I'm a beginner learning how to webscrape using Scrapy in Python. Can someone point out what's wrong? My goal is to scrape all the subsequent pages.

from indeed.items import IndeedItem
import scrapy

class IndeedSpider(scrapy.Spider):
    name = "ind"
    allowed_domains = ["https://www.indeed.com"]
    start_urls = ['https://www.indeed.com/jobs?q=analytics+intern&start=']

    def parse(self, response):
        job_card = response.css('.jobsearch-SerpJobCard')
        for job in job_card:
            item = IndeedItem()

            job_title = job.css('.jobtitle::attr(title)').extract()
            company_name = job.css('.company .turnstileLink::text').extract()
            if not company_name:
                company_name = job.css('span.company::text').extract()

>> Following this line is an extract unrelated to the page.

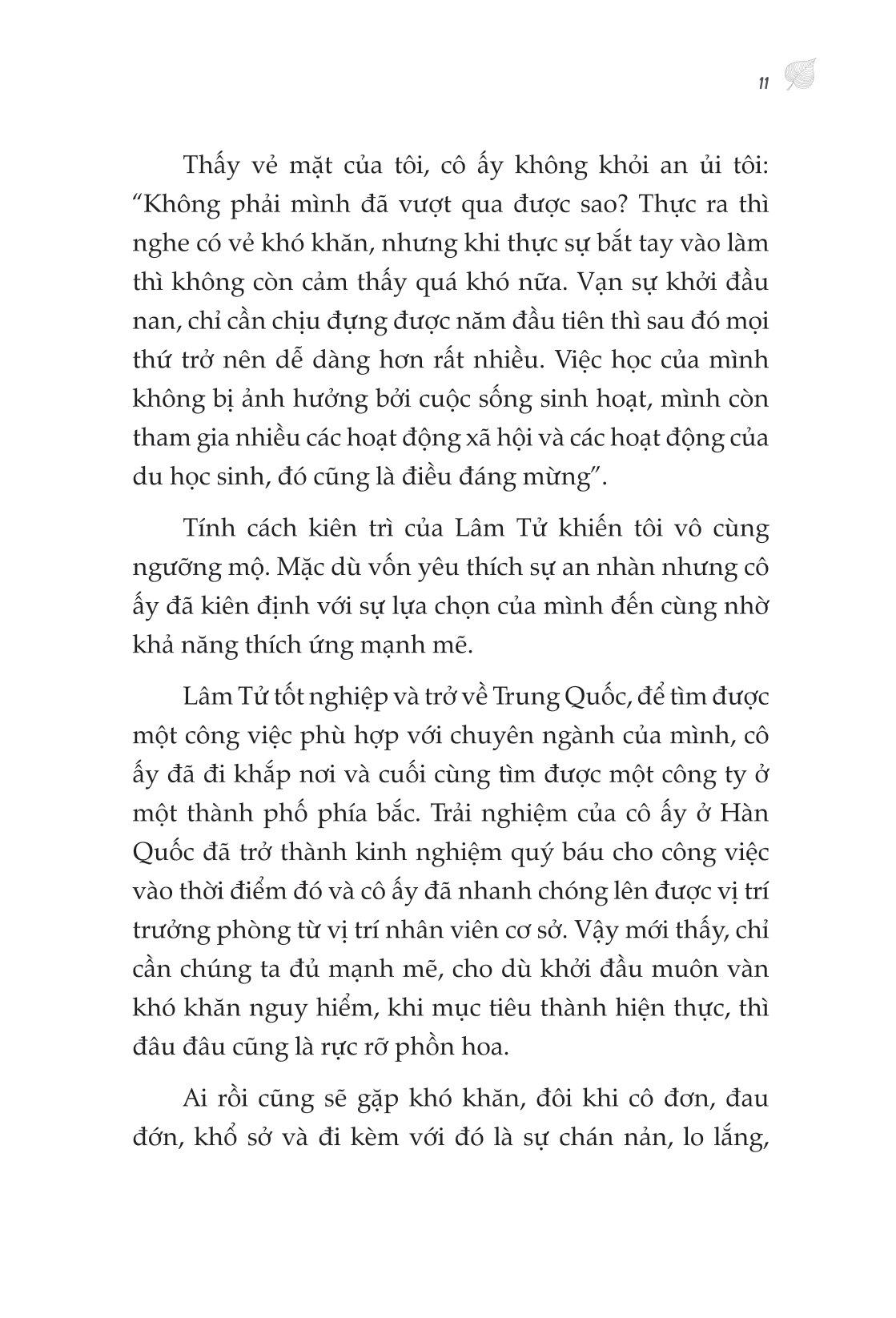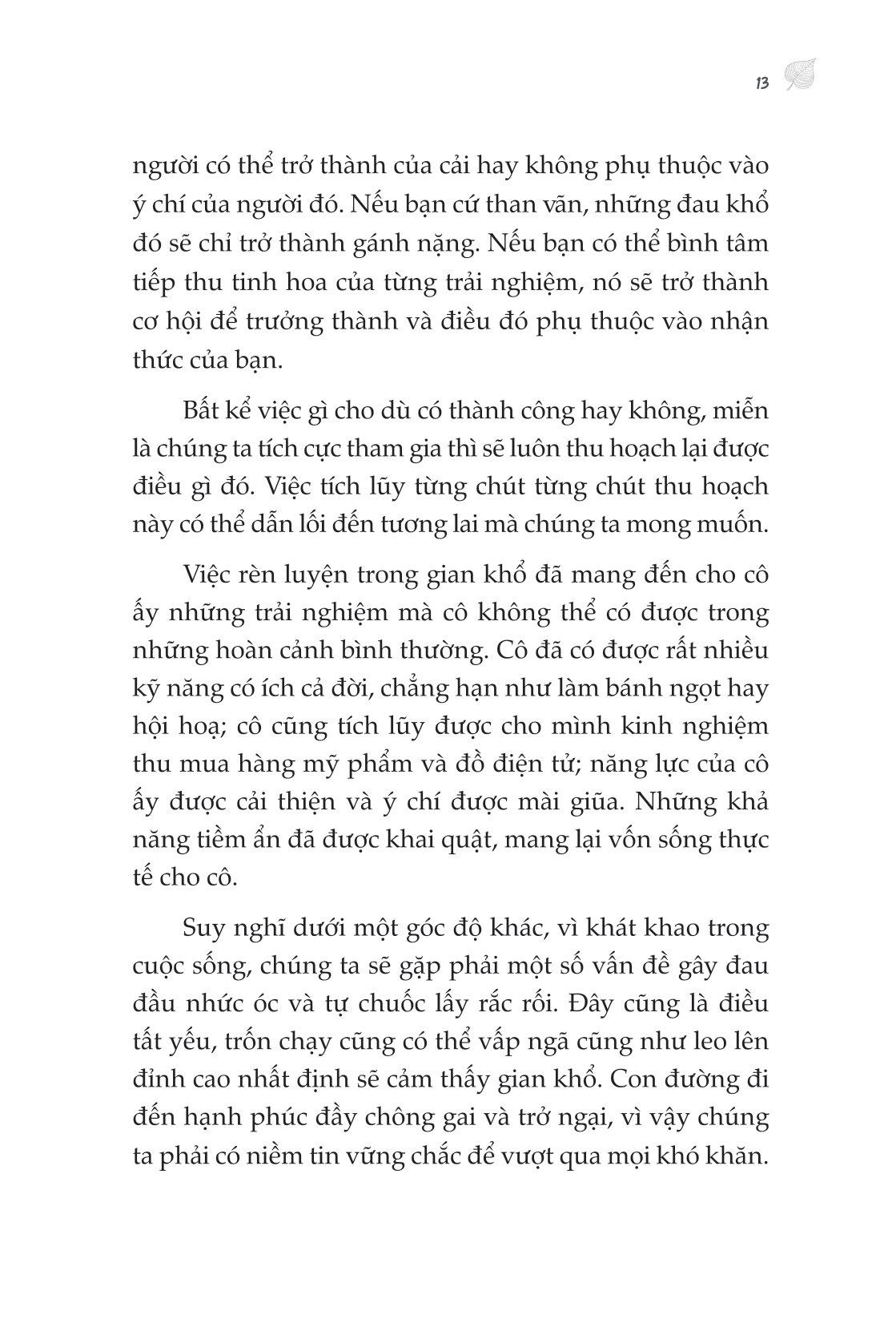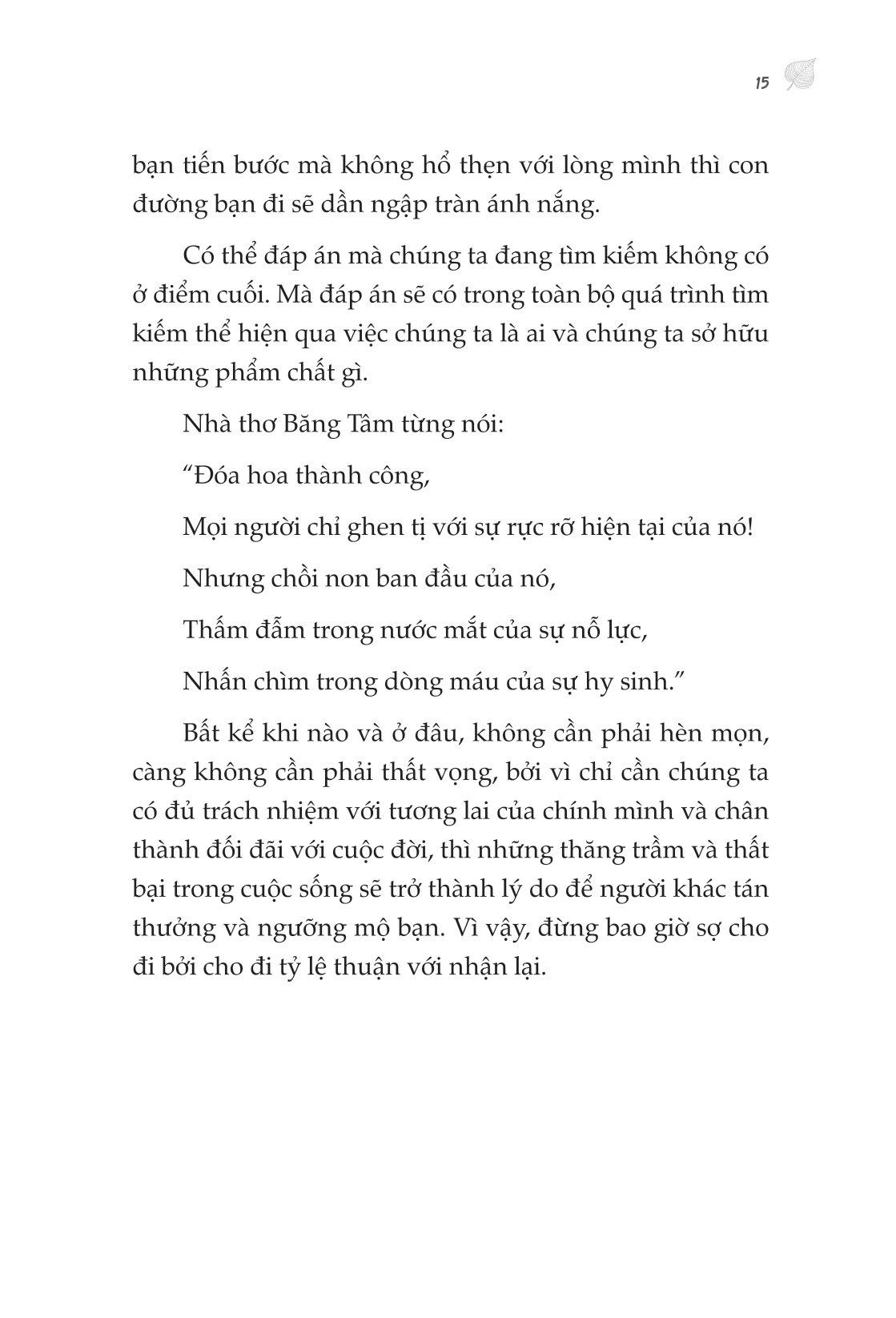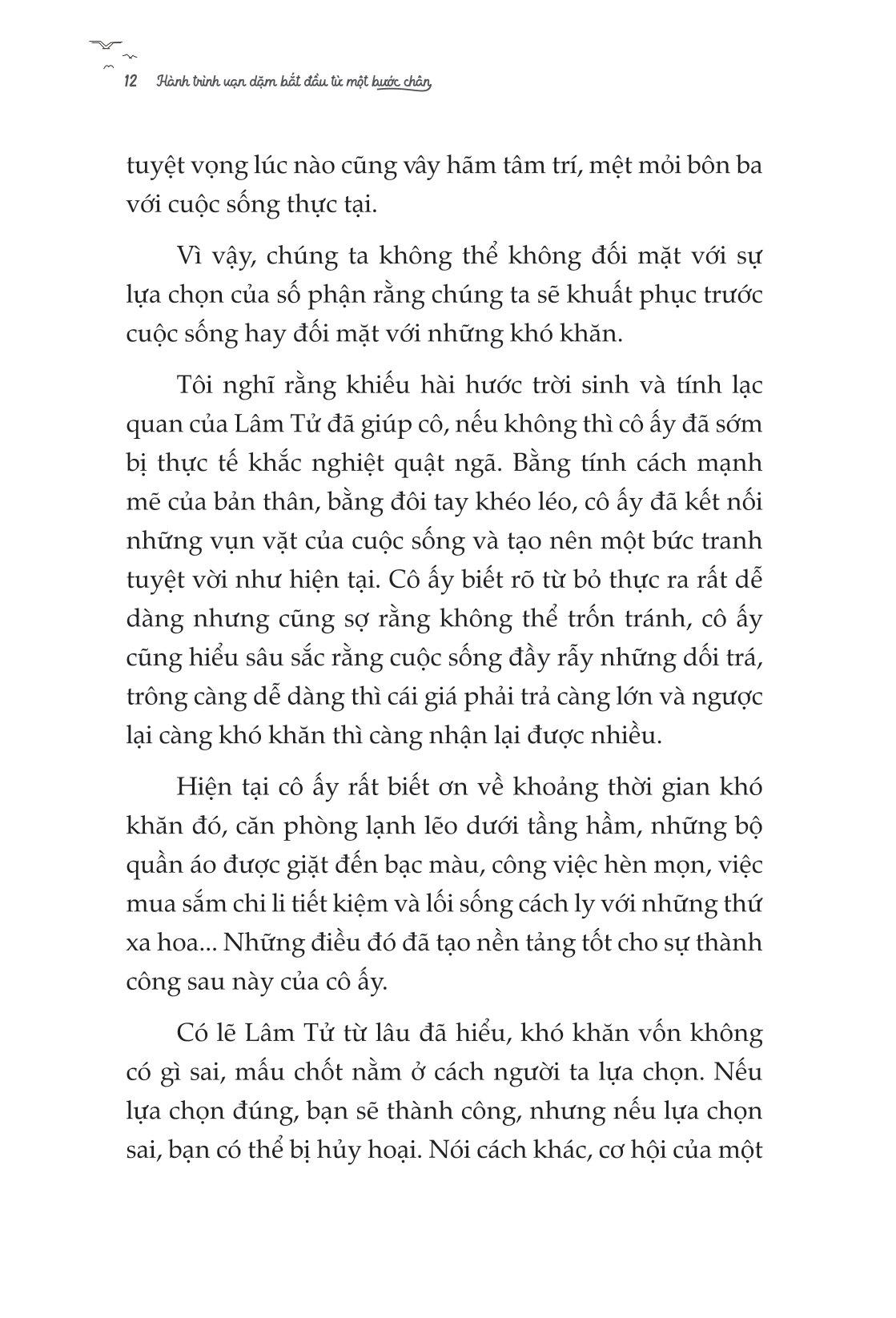 - Gian khổ bạn trải qua sẽ mở đường cho tương lai của bạn Vì sao hành trình vạn dặm bắt đầu từ một bước chân là một cuốn sách không thể bỏ lỡ? Bạn có cần động lực không? CÓ! “Người luôn chùn bước vĩnh viễn không thể trở nên ưu tú hơn, chỉ có trải qua muôn vàn thử thách và chà đạp, ở thời điểm ta đứng lên lần nữa mới có thể càng thêm rực rỡ lấp lánh. Chỉ có người dũng cảm tiến về phía trước mới có thể leo lên đỉnh cao của thế giới để ngắm cuộc sống này.” Đời người có lúc thăng lúc trầm, có lúc vui vẻ, có lúc khổ đau. Nhưng đối mặt với áp lực và khổ đau, con người dễ dàng từ bỏ. “Hành trình vạn dặm bắt đầu từ một bước chân” sẽ là cuốn sách có thể thấu hiểu những nỗi vất vả mà bạn đang trải qua, để bạn hiểu được rằng, khi muốn buông xuôi hãy nhớ, lá trà phải dùng nước nóng mới trở nên thơm ngát, con người phải có gian khó ban đầu mới tiến được đến thành công. Bạn có cần tỉnh ngộ không? CÓ “Mọi sự tầm thường đều là hình ảnh thu nhỏ của việc không đủ nỗ lực. Kẻ thù lớn nhất của chúng ta không phải già nua và đau khổ, mà là một trái tim bằng lòng với thực trạng, được ngày nào hay ngày ấy” Ngày ngày nằm ườn bấm điện thoại, mơ ước về cuộc đời của người khác, có mong muốn nhưng chỉ sợ lúc làm sẽ thất bại nên không dám thử. Nhưng bạn cứ tiếp tục như thế thì tương lai sẽ cười vào mặt bạn. Nếu bạn chưa tỉnh ngộ, vậy cuốn sách sẽ giúp bạn làm điều đó. Những bài học đắt giá và đanh thép sẽ khiến bạn phải đứng dậy ngay lập tức. Bạn có cần giải pháp không? CÓ “Chỉ bằng cách hành động, chúng ta mới có thể xây dựng tòa nhà tham vọng trong trái tim m.ình, không có hành động, hết thảy đều là trăng trong nước, hoa trong gương.” Có hành động mới có thành công. Không chỉ mang đến động lực và khiến bạn tỉnh ngộ, tác giả mang đến những giải pháp thiết thực để bạn làm được những gì m.ình muốn. Chỉ bằng cách hành động, chúng ta mới chạm được đến ước mơ. Những bài học đắt giá trong cuốn sách Hành trình vạn dặm bắt đầu từ một bước chân Ý nghĩa của gian khổ: Người luôn chùn bước vĩnh viễn không thể trở nên ưu tú hơn, chỉ có trải qua muôn vàn thử thách và chà đạp, ở thời điểm ta đứng lên lần nữa mới có thể càng thêm rực rỡ. Chỉ có người dũng cảm tiến về phía trước mới có thể leo lên đỉnh cao của thế giới để ngắm cuộc sống này. Có lúc lên lúc xuống trong đời là chuyện bình thường: Vạn sự có được thì phải có mất, có mất ắt có được, mọi thứ chỉ là tương đối, trân quý sinh mạng, sống cuộc đời đầy giá trị và đẹp đẽ. Ý nghĩa của cuộc sống: Chúng ta không thể sống một cuộc đời mục nát. Ăn để sống, nhưng sống không chỉ để ăn. Trong cuộc đời con người, ý nghĩa cuộc sống rốt cuộc nằm ở đâu? Con người sống vì cái gì? Cuộc sống có thể không có quá nhiều ý nghĩa, nhưng nếu đã sống, chúng ta phải thiết lập một hướng đi trong cuộc sống cho chính m.ình. Nếu không cuộc sống dù tươi đẹp đến đâu cũng như nhai sáp, nhạt nhẽo và không hề có giá trị. Mơ ước là ngọn đèn soi đường chỉ lối: Lý tưởng là ngọn hải đăng của hành trình nhân sinh, là mục tiêu phấn đấu của cuộc đời, chỉ dẫn phương hướng tiến về phía trước của cuộc đời chúng ta, chỉ cần chúng ta kiên định đi theo phương hướng này, tôi tin rằng, chúng ta cuối cùng nhất định sẽ tới bờ bên kia thành công. Lý tưởng thuộc về mỗi chúng ta. Vì vậy, chúng ta hãy lập cho m.ình những mục tiêu, lý tưởng sống cao cả ở tuổi trẻ để cuộc sống thêm ý nghĩa và giá trị. Những trích dẫn hay trong sách giúp bạn vững bước để thay đổi

            item['job_title'] = job_title
            item['company_name'] = company_name
            yield item

        next_page_extension = response.css('ul.pagination-list a::attr(href)').get()
        if next_page_extension is not None:
            next_page = response.urljoin(next_page_extension)
            yield scrapy.Request(next_page, callback=self.parse)
filo babo
  • 31
  • 1
  • Hi! We need more details! What is going wrong? Do it run and not give you the output you expect, or does it report some error? – tomjn Apr 26 '21 at 10:31
  • You have two problems. First, `allowed_domains` shouldn't include `"https://www."` (see [here](https://docs.scrapy.org/en/latest/topics/spiders.html#scrapy.spiders.Spider.allowed_domains)). Second, your `next_page_extension` is always picking the first item in the navigation. For the second page this sends `scrapy` back to page 1, which it will filter as a duplicate request. – tomjn Apr 26 '21 at 16:43

2 Answers2

0

Your code looks pretty good overall, but I can see two issues with it:

1 - The allowed_domains property expects us to provide a domain only, not a full URL. Running it as is, you might see something like this in your logs:

2021-04-28 21:10:55 [scrapy.spidermiddlewares.offsite] DEBUG: Filtered offsite request to 'www.indeed.com': <GET https://www.indeed.com/jobs?q=analytics+intern&start=10>

That means Scrapy is ignoring that request, as it doesn't meet the allowed domains. To fix that, use simply:

allowed_domains = ["indeed.com"]

(more about it)

2 - The selector you're using for the pagination will match always the first link from the pagination widget. You could try using .getall() instead, or get the anchor marked as "Next". Eg:

next_page_extension = response.css(
    'ul.pagination-list a[aria-label=Next]::attr(href)'
).get()

Thiago Curvelo
  • 3,711
  • 1
  • 22
  • 38
-1

The content on that site is dynamically generated using JavaScript. Scrapy alone doesn't handle JavaScript. You'd need something like Selenium + Scrapy, Splash + Scrapy, as Scrapy docs suggest, or other means. Selenium is more beginner friendly and there plenty of tutorials on how to use it with Scrapy

St_Mute
  • 57
  • 3